Кухулин ничего не ответил, лишь сощурился и мгновение спустя отпустил жену. Ленора, оказавшись на платформе, так же, как и Фольгер, была поглощена темнотой и безмолвием. Суператор остался один. Интуиция подсказывала ему не препятствовать товарищам. Каждый должен разбираться со своими кошмарами наедине, ибо если не желаешь впускать постороннего в свой внутренний мир, никто и никогда тебе не поможет, а если и пожелает помочь, то сделает только хуже.
Вдруг Кухулин почувствовал, как мгла надвигается на него, будто некто бесшумно шел навстречу и гнал впереди себя беспросветную тьму.
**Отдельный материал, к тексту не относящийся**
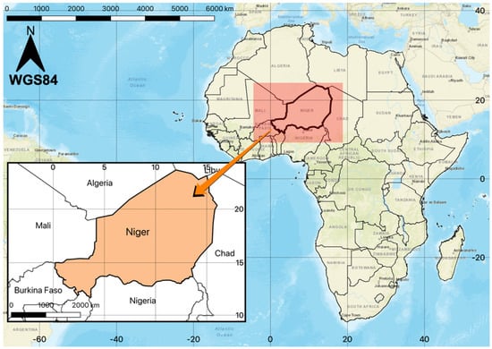 Niger is located between 11 and 24 degree North latitude and 0 to 16 degree East longitude (Figure 1). It is a landlocked country in West Africa with an area of 1,270,000 km2, with 80% of its area in the Sahara desert []. Niger has distinct wet and dry periods. The wet period starts around June to September and lasts for four months with the average precipitation varying significantly across the country, with lower values in the north in the Saharan desert zone, and higher values in the south Sahelo-Sudanian zone, with ranges from 150 to 800 cm per year depending on the area. The wet period is from July to August in the northern desert area of Niger []. The Niger River is the only permanent river in the country whereas the other rivers are ephemeral. There are anthropogenic drainage ponds and dammed reservoirs for surface water storage [].
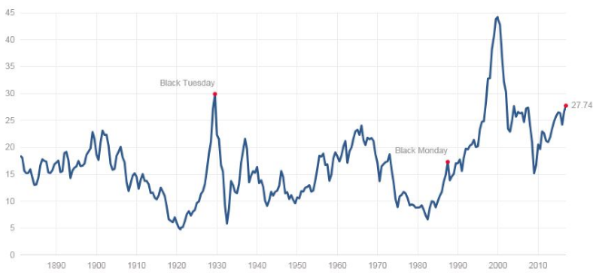 市场观察人士上个月底指出,“席勒市盈率”目前处在27倍以上。美国股市这一指标过去超过该水平分别是在1929年市场狂热、2000年科技泡沫和2007年房地产及股市泡沫期间。

Суператор не испугался и даже не подумал вскинуть автомат, преспокойно висящий у него на плече. Он направил фонарь в сгущающуюся бездну и увидел приближающийся размытый силуэт.
Смех, казалось, раздавался отовсюду. Фольгер беспрестанно вертелся на месте, освещая то обледенелые пилоны, то груды мусора, то изогнутый грязно-бледный потолок. Наконец, Феликс не выдержал и закричал:
– Ева, милая! Покажись! Прошу тебя!
Разумеется, он понимал, что этот бесподобный заразительный смех – лишь плод фантазии, ментальное искажение реальности, морок, беспощадно играющий на человеческих эмоциях. Но разум не мог совладать с вырвавшимися из глубин чувствами. Древний, давно потухший вулкан неожиданно проснулся, и раскаленная лава ревущим огненным фонтаном вырвалась наружу.
– Ева, покажись! Я люблю тебя, слышишь!
Фольгер продолжал крутиться, выкрикивая то, что никогда не произносил вслух. Теперь он жалел об этом. Очень жалел.
– Я люблю тебя, милая! Люблю! Слышишь!
Смех неожиданно стих, и Феликс почувствовал, как маленькие ледяные мурашки, безжалостно прокалывая кожу крохотными острыми лапками, засеменили по его спине. Сзади кто-то был. Мужчина резко повернулся и зажмурился от яркого свечения…
Ленора, запрыгнув на платформу, побежала следом за Фольгером, но уже через секунду-другую потеряла его из виду. Она оказалась в кромешной тьме, которую не мог пробить даже луч фонаря, тонущий в непроглядной бездне на расстоянии вытянутой руки. Девушка почувствовала, как глаза ее непроизвольно расширяются; она открыла рот, но закричать так и не смогла. Вязкая мгла устремилась ей в горло и ноздри, запорошила глаза, сдавила грудь, сгустилась до предела. Ленора судорожно глотнула тягучий воздух, застрявший на полпути к легким. Она поняла, что задыхается и сейчас умрет, так и не сумев позвать на помощь. А потом пришло беспамятство…
Кухулин приблизился к силуэту и разглядел в нем мужчину в плаще с капюшоном, под которым виднелся серого цвета камуфляж. За незнакомцем стояли два здоровенных амбала с респираторами на лицах. Что удивительно – мордовороты были одеты в английские классические костюмы.
– Господин Кухулин, – учтиво произнес незнакомец, – станция Полянка славится своими паранормальными трюками. Как вы считаете, я реальный персонаж или лишь галлюциногенный плод соприкосновения вашего сознания с неизвестной аномалией?
– Я могу задать вам точно такой же вопрос, господин… не знаю, как там вас… – не растерялся суператор. – Вполне вероятно, что я только мерещусь вам, а наяву вы разговариваете с коробкой, донельзя наполненной бесполезным хламом.
Незнакомец холодно засмеялся и погрозил пальцем:
– А вы не так просты, как можно подумать.
– А вы не так сложны, как хотите казаться, – сухо ответил суператор.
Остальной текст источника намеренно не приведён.